Taking stock of the markets – let the numbers do the talking

FROM THE ANALYSTS

The Northstar asset allocation framework: each quarter we conduct an analysis on the relative value within each asset class available to us as investors. Asset classes include equities, commodities, property, fixed income (government and corporate credit) and cash and this granular, methodical and numeric exercise purposefully removes human intuition – we let the numbers do the talking. The output is an asset valuation matrix that directs us to the highest potential returning investments whilst accounting for risk taken.

The Northstar buy list

Although our asset allocation work is important, we attach greater credence to our bottom-up, fundamental valuation work which we conduct on each security (share, property, bond etc.) before making an investment. Over the years we have built valuation models on the majority of locally listed companies as well as a significant number of offshore stocks. This library of work provides us with a real-time view of what potential upside returns we think our funds offer.

So what are the numbers telling us about potential returns in South Africa from both a bottom-up and top-down perspective?

The Rand

We appreciate that South Africa faces enormous challenges, many of which can fundamentally adjust the value of domestic assets. The modeling work, which we are demonstrating here, does not attempt to capture unforeseen events, it instead makes use of existing real data.

Based on our purchasing power parity (PPP) model, Figure 3, which we use internally, the rand is undervalued.

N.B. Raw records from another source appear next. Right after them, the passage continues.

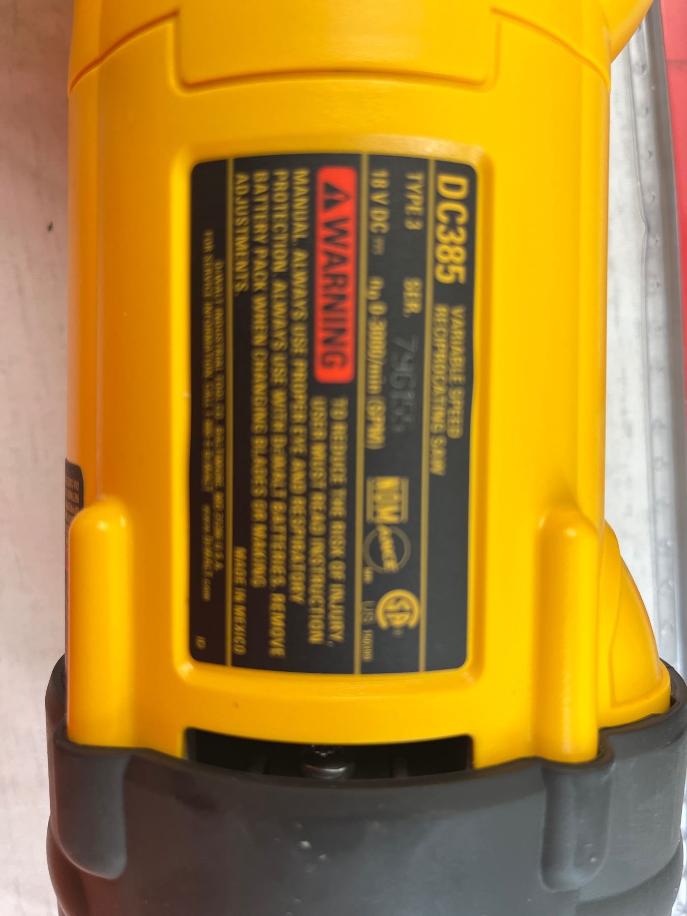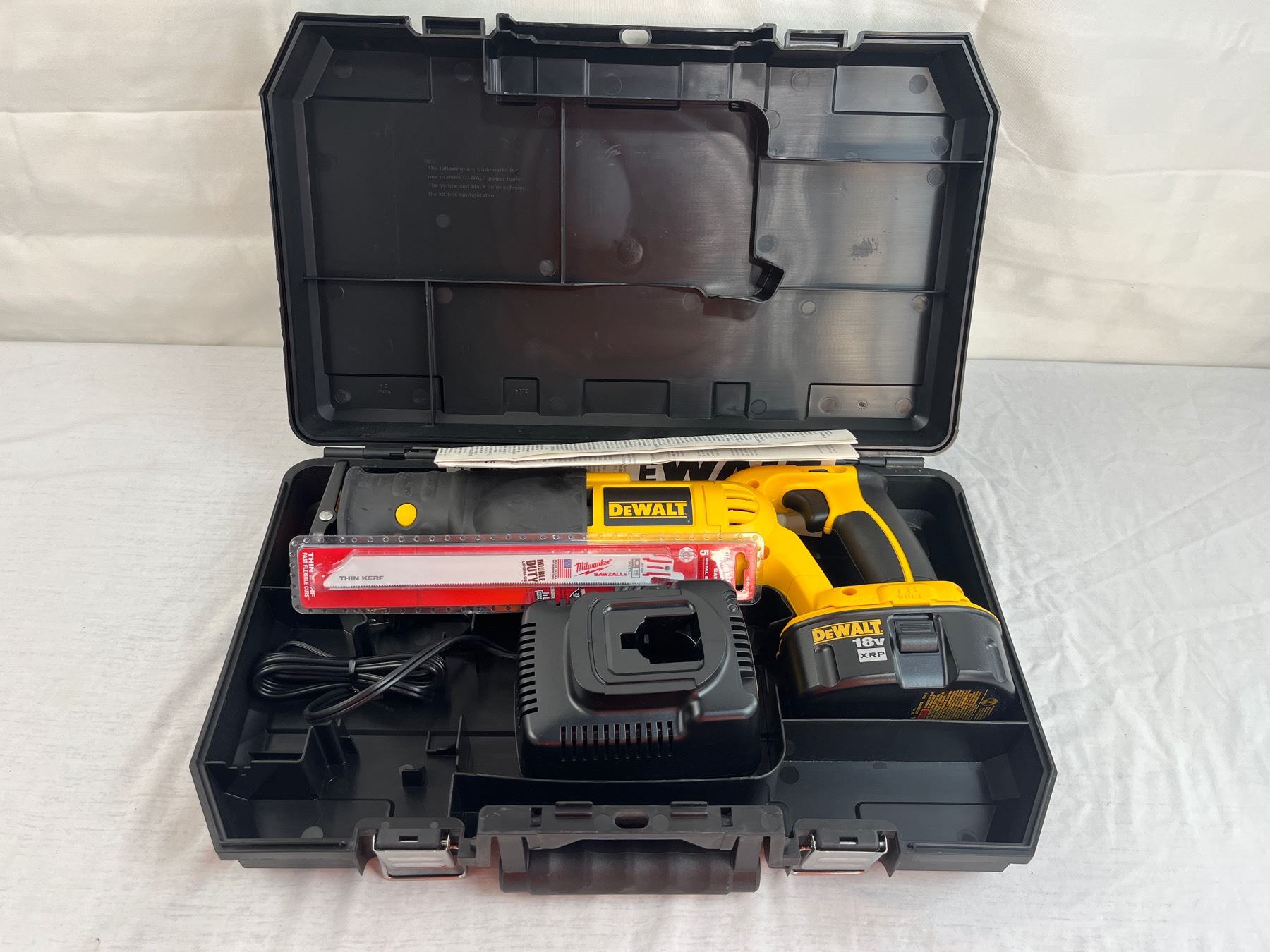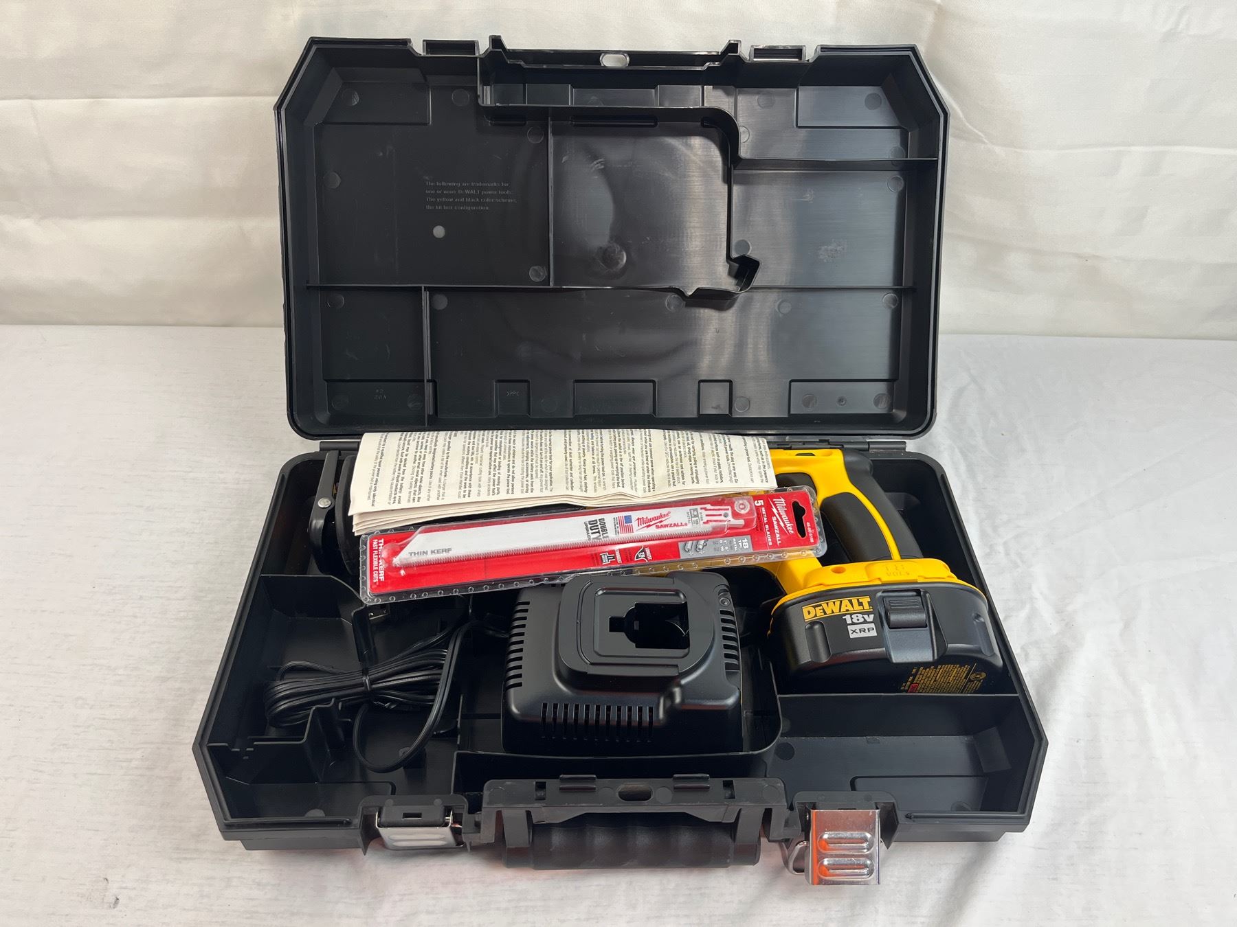 DC 385, 18 Volt - Works - in new condition - Includes battery, charger and new 5 pack of Milwakee metal blades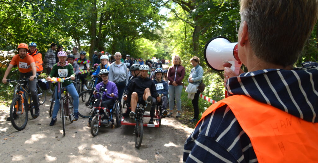 Um 13 Uhr begann der traditionelle Radelspaß. Die FahrradfahrerInnen starteten gemeinsam auf dem Heidkoppelhof und fuhren auf dem 2km langem Rundkurs eine oder mehrere Runden.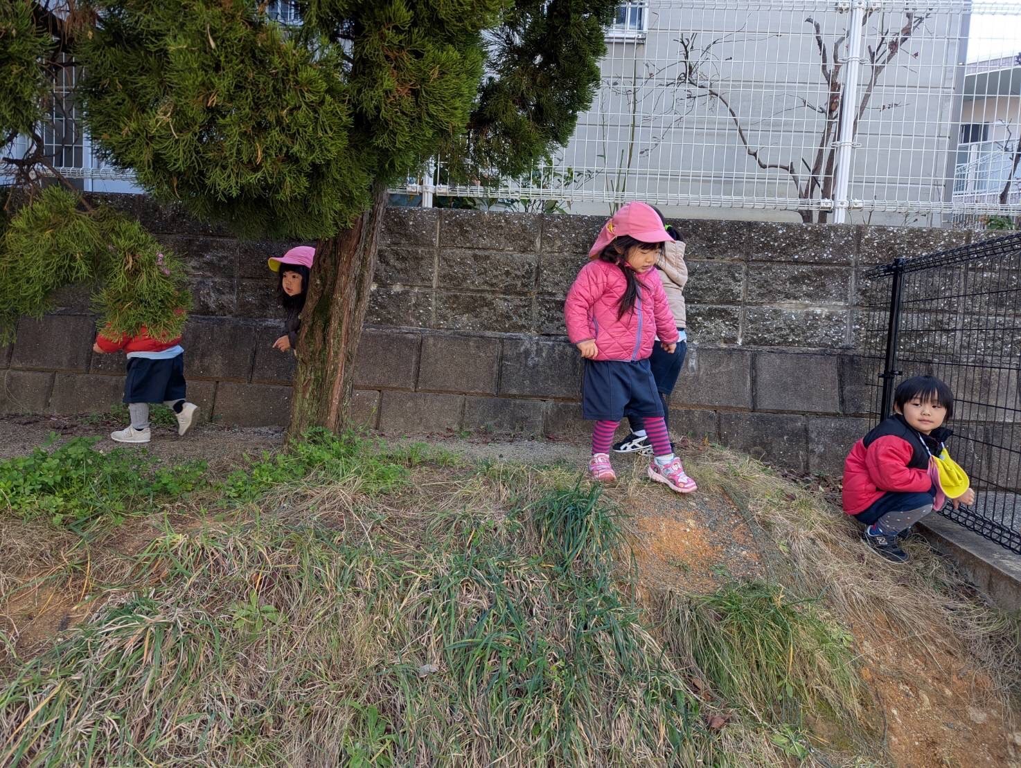 園児さんたちは小さな丘を登り降りしてたくさん走ったり、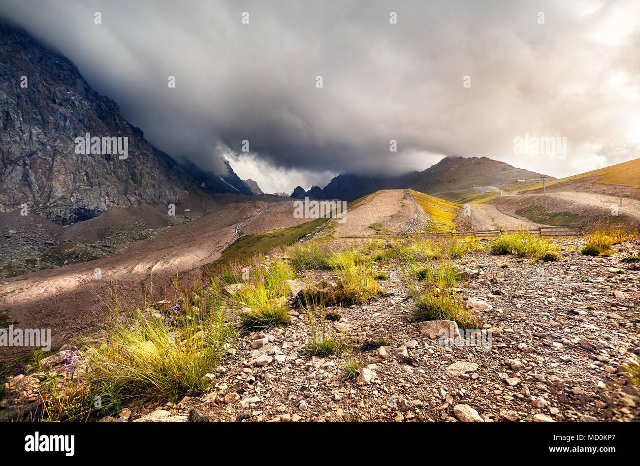 Landscape Of Mountain Valley At Sunset Cloudy Sky Background In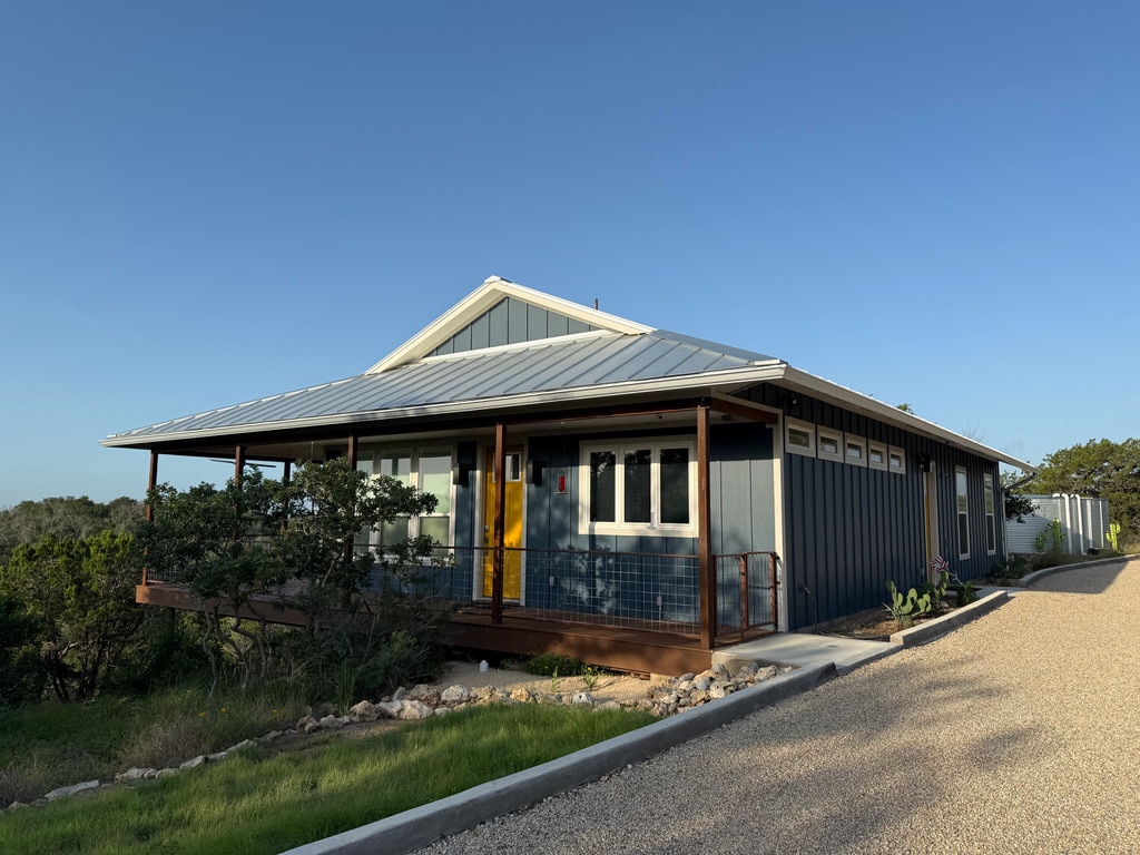 Designed to connect with the natural systems of a special place, Chertecho sits among the trees on a 5-acre rocky slope overlooking the Pedernales River Valley. An outdoor stair system connects the three levels - a covered rooftop deck; a second-floor master suite; and a ground floor kitchen space. Glass walls open to the wooded slopes of Big Hill, a ridge separating the Pedernales and Guadalupe watersheds halfway between Comfort and Fredericksburg. A place to unplug, and reconnect.
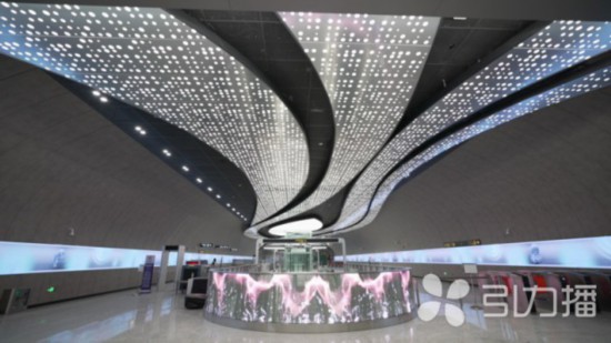昆山文化艺术中心站站厅层没有一根柱子,呈穹顶式格局,视野宽阔,两侧还设置了120米长的LED电子屏,同步营造体育和文化赛事氛围。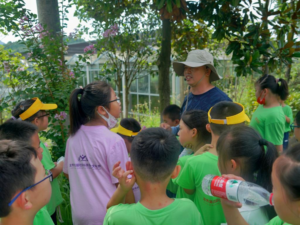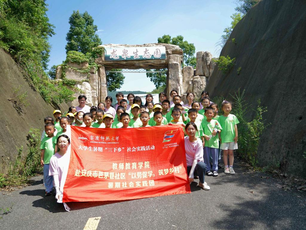 教师教育学院"以劳促学,筑梦乡村"教育关爱实践团和卓尔社区志愿者共同组织第四届宜秀文化科技艺术节暨首届农耕科普节小朋友赴安庆市五横龙泉生态农庄开展果园科普活动。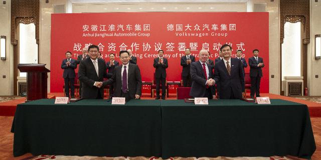 大眾在中國的兩項重磅投資在兩天內(nèi)密集落定。5月28日晚,國軒高科發(fā)布公高稱,大眾汽車(中國)投資有限公司(下稱“大眾中國”)將對國軒高科進行戰(zhàn)略投資,成為國軒高科持股26.47%的第一大股東。5月29日早,大眾官宣了兩起在華投資,除了以約11億歐元入股國軒高科外,對江淮的投資更為重磅:將投資10億歐元獲得安徽江淮汽車集團股份有限公司母公司——安徽江淮汽車集團控股有限公司50% 的股份,同時增持電動汽車合資企業(yè)江淮大眾股份至75%。兩起投資約21億歐元,約合人民幣166億元。

A conservative value for the ZAR is R12.35 to the US$. Whilst pin-pointing an absolute number with respect to the rand’s real value is a fool’s game, we prefer to use the model as a reference for when the currency is showing extreme behavior – the present is such a time.

Figure 3. Implied PPP versus USD ZAR. Source: Northstar and Bloomberg. September 2019.

South African equities – bottom-up

The chart below tracks the discount to intrinsic value of the companies on our domestic ‘buy list.’ Currently, these shares by our calculation are on average, about 30% undervalued – unfortunately we are unable to say if or when this valuation gap will narrow. Our ‘buy list’ companies are trading as cheaply as they were in late 2018, the last time we communicated to our clients that an opportunity was emerging on the local market.

Figure 4. Upside to intrinsic value of local equity portfolio. Source: Bloomberg, Northstar. September 2019.

South African equities – top-down

Corroborating our bottom-up or fundamental valuation work on local companies is our asset allocation analysis (top-down) quantitative work on equities. In Figure 5 below, our calculation for prospective returns for the JSE Capped Swix index is 15.4% – a rational equity investor should demand a return of approximately inflation plus 7% for equities which we call a hurdle rate. With South African inflation just above 4% at present, the hurdle rate return for equities is 11%. With potential returns from the market significantly higher than that at 15.4%, domestic equities are once again a viable option for our clients.

Figure 5. South African equity expected returns. Source: Northstar. September 2019.

Fixed income assets – cash, bonds and property

We use the same approach for cash, bonds and property.

At current low levels of inflation in South Africa of 4%, the 7% yield offered by banks on deposits, is in our view, a very attractive low risk return that substantially outperforms the hurdle rate on cash, which we regard as inflation.

The hurdle rate returns for bonds (Figure 6, indicated in red) does not need to be as high as equities – bond investors take less risk than equity investors and many bonds are shorter-duration investments, implying lower required returns. Elevated yields (cheap prices) in South Africa are a function of concerns of a credit downgrade as well as the fiscus issuing a disproportionately large amount of paper into the market to fund the budget deficit and parastatal bail-outs. Our work shows that potential returns on bonds, for the most part, currently compensate investors well above the hurdle rate required.

Finally, on property, for the past few years, our analysis has been directing us away from property – potential returns remain significantly lower than what a rational investor should demand from this relatively high risk asset class.

Figure 6. Asset class expected returns. Source: Northstar. September 2019.

The Northstar Sanlam Collective Investments (SCI) Managed Fund

Our ‘house-view’ balanced fund incorporates all this thinking into one product. Asset allocation adjustments within the fund are based on both our buy list expected returns together with our asset allocation framework outlined above. It is the ideal vehicle for clients that do not want to make asset class calls themselves.

Until recently (July 2019), we have been overweight offshore assets and underweight South African risk assets, the likes of property and equities. Against this, we have been overweight bonds, which have performed superbly. During the last quarter, we have however reduced the fund’s total offshore exposure, the reasoning is two-fold, offshore equities are no longer cheap and the rand became undervalued (see above). Simultaneously, the domestic equity weighting of the fund has been increased as South African stocks have begun to offer more value.

Each of these moves is consistent with the framework shown above, an approach we have followed consistently over time and which has been value enhancing to our clients.